Editor de Mai 20, 2013 - 18:08 dans Economie

Relever les défis pour assurer l’avenir

Sadik Omar al-Kabir, le président de la Banque centrale de Libye, nous parle des efforts

du pays pour moderniser le secteur bancaire, créer des emplois et diversifier les ressources.

Entretien réalisé par Atique naqvi

secteur

bancaire

« Nous avons mis

au point un plan

à moyen terme, visant l’optimisation et la modernisation du secteur bancaire libyen en général,

y compris pour la

Banque centrale »

La Libye a connu une renaissance… Comment se présentent pour vous, en tant que gouverneur de la Banque centrale, les défis principaux ?

Depuis la libération de la Libye en octobre 2011, nous avons eu à relever un bon nombre de défis. Tout d’abord, nous avons souffert d’un manque de liquidité, mais nous avons réussi à surmonter cet obstacle. Mais nous nous sommes heurtés à d’autres problèmes relevant du développement des capacités et de l’amélioration des ressources humaines.

Nous avons mis au point un plan à moyen terme, visant l’optimisation et la modernisation du secteur bancaire libyen en général, y compris pour la Banque centrale. Nous espérons que cette initiative pourra nous aider à relever les défis.

Le secteur financier forme sans doute le cœur battant de l’économie… Quelles mesures avez-vous prises pour faciliter les prêts qui sont l’un des piliers majeurs de l’opération bancaire ?

Comme vous le savez, c’est un grand défi pour la Banque centrale et le gouvernement. Le secteur privé ne contribue qu’à 5 % du PIB qui, en grande partie, provient du secteur public. Nous avons tenu plusieurs réunions pour les responsables du gouvernement afin de discuter des obstacles majeurs auxquels se heurte le secteur privé, et nous cherchons les moyens de le revitaliser et de faciliter la contribution des investisseurs. La Libye recèle un potentiel prometteur, mais il nous revient de trouver les moyens adéquats de le gérer savamment.
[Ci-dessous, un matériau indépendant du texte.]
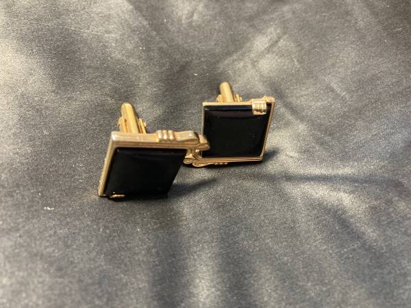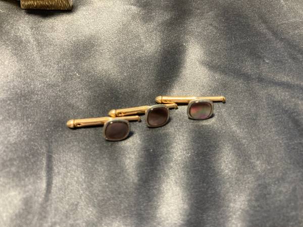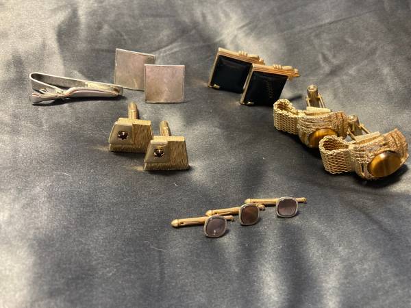 2 pairs of Swank cufflinks 1 pair gold color wraparound cufflinks 1 set of silver cufflinks and tie clip 3 Swank mother of pearl studs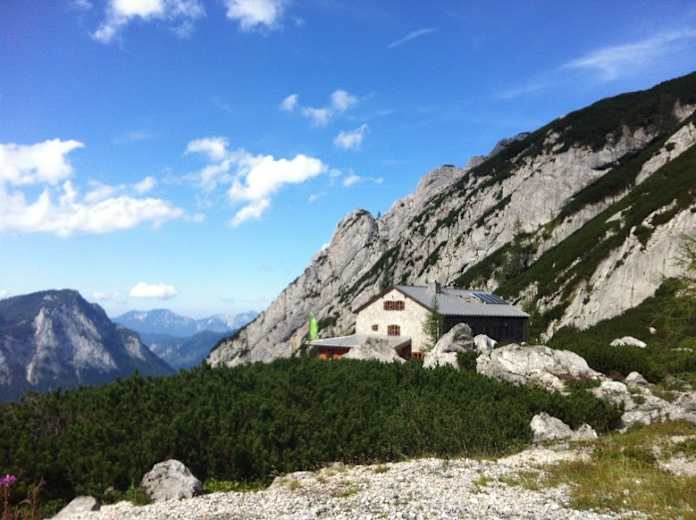 Der Blick auf das Blaueiskar wird frei, der Weg führt an einer Felswand entlang bis man an eine kleine Parkbucht kommt, die zu der Materialseilbahn der Blaueishütte gehört. Vor der Seilbahn zweigt links ein Steig (Schild) von der Straße ab. Dieser führt schmal und steil in kurzen Kehren über einige Holz- und Felsstufen zunächst noch im lichten Wald, dann zwischen Latschen hindurch zur Blaueishütte, die hausgemachten Kuchen bietet (1.650 m).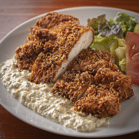 【濃厚な卵の味は手作りならでは】ジューシーな鶏肉の美味しさを引き立てるため、奈良のブランド卵を使った手造りのタルタルソースを添えました。

Comment qualifiez-vous le cadre réglementaire régissant les investissements privés dans le pays ?

Il existe inévitablement des obstacles à surmonter, vu que les législations actuelles ont été rédigées dans le cadre d’une économie unifiée. Aujourd’hui, le gouvernement œuvre à changer les lois en vigueur afin de promouvoir le secteur privé. Nous avons introduit quelques changements législatifs, et nous cherchons à établir un environnement propice au secteur privé. Le besoin urgent de moderniser notre secteur bancaire, dépassé et désuet, s’impose fortement. Nous souhaitons le faire dans un avenir proche.

En ce qui concerne l’environnement général et les perspectives, percevez-vous des réactions positives de la part des économies mondiales ?
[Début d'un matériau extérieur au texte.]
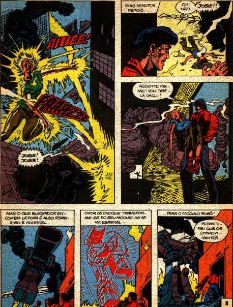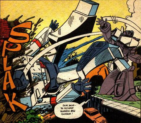 ![]() Shockwave coloca em ação seus planos de conquista, começando por um ataque à usina de G. B. Blackrock. O ataque acaba ferindo a responsável pela segurança e engenharia Josie Beller. Após tomar conta da usina, Shockwave ordena que os demais Decepticons rumem para lá. Megatron ouve as ordens e assiste seus soldados obedecendo-as. Fica furioso, mas nada pode fazer. ![]() Optimus Prime pede ajuda a Buster, mas o garoto não sabe o que fazer. Prime pede que ele desconecte os cabos em sua teste e os conecte nas próprias têmporas, para que eles façam um elo mental. Buster confia em Prime e faz o que ele pede. Há um lampejo de luz e dor, e o humano perde os sentidos. Fora da Arca, Ratchet vê Shockwave retornar e fica preocupado com Buster lá dentro. Shockwave vai conferir a recuperação de Megatron, e quando vira as costas, este se liberta dos cabos. Buster finalmente acorda e deixa a Arca. ![]() ![]() Megatron ataca Shockwave, que com a força do disparo do canhão de fusão, é enviado a quilometros de distância, atravessando as paredes da montanha e desabando em um campo de futebol. Pouco depois, Megatron vem para terminar o que começou, mas é recebido por Shockwave em seu estado totalmente operacional. Os dois lutam, mas Shockwave se aproveita da debilidade de Megatron e provoca-lhe um curto-circuito, quase o matando. Retornando à Arca, ele mostra o corpo de Megatron aos outros e os faz jurar obediência a ele. ![]() COMENTÁRIOS: Devido a um erro grosseiro, Ratchet aparece no último quadrinho com um símbolo Decepticon pintado em sua lataria. ![]() |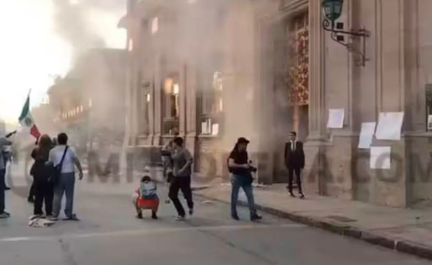 INCENDIAN PALACIO DE GOBIERNO EN MORELIA DURANTE PROTESTA POR EL ASESINATO DEL ALCALDE CARLOS MANZO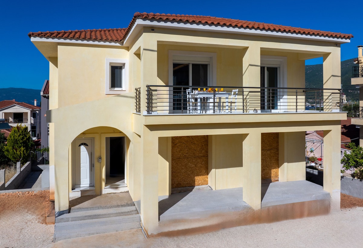 Apartamento recém-construído com vista para o mar (no 1º andar) localizado numa zona tranquila de Karavomilos Kefalonia a apenas 15 metros do mar. Tem três quartos, uma cozinha de espaço aberto e uma grande sala de estar/refeições com lareira. Os dois quartos têm acesso a uma grande varanda onde pode ver o espetacular Seaview em toda a Ítaca e a montanha de Sami a emergir na água cristalina, onde se pode nadar desde o início da manhã até à noite. Todos os quartos estão equipados com ar condicionado.

C’était ma première visite à Davos, et la première fois que la Libye y contribuait par sa présence. J’ai observé et je me suis efforcé de transmettre un message positif pour contrer les rapports médiatiques négatifs et retoucher l’image erronée que le monde a de la Libye. Nous cherchons à rencontrer les gens et nous voulons leur expliquer que la situation sur le terrain est bien meilleure que celle qui est véhiculée par les médias. À mon avis, Davos est un rassemblement très bénéfique, et nous espérons avoir réussi à transmettre le bon message.

Avez-vous eu des discussions avec vos confrères des pays arabes de la région sur les moyens d’aller de l’avant et de renforcer les liens d’amitié ?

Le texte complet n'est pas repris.